### [DESCRIPTION OF THE TASK]
Repeat the stretch of entries below from the line with "Luckily for me" through the line with "When we drove". Include both ends and add nothing.

### [GIVEN DATA]
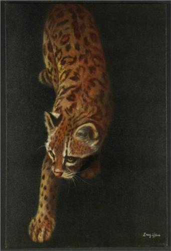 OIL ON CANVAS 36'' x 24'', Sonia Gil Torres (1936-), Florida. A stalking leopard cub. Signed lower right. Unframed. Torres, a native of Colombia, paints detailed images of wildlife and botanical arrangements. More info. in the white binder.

---

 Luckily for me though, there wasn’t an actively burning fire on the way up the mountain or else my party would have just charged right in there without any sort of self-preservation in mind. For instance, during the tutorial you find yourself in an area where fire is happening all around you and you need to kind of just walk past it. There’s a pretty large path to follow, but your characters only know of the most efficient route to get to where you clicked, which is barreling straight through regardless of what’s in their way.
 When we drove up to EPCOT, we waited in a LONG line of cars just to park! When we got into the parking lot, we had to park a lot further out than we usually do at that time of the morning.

### [RESPONSE FOR THIS EXERCISE]
 Luckily for me though, there wasn’t an actively burning fire on the way up the mountain or else my party would have just charged right in there without any sort of self-preservation in mind. For instance, during the tutorial you find yourself in an area where fire is happening all around you and you need to kind of just walk past it. There’s a pretty large path to follow, but your characters only know of the most efficient route to get to where you clicked, which is barreling straight through regardless of what’s in their way.
 When we drove up to EPCOT, we waited in a LONG line of cars just to park! When we got into the parking lot, we had to park a lot further out than we usually do at that time of the morning.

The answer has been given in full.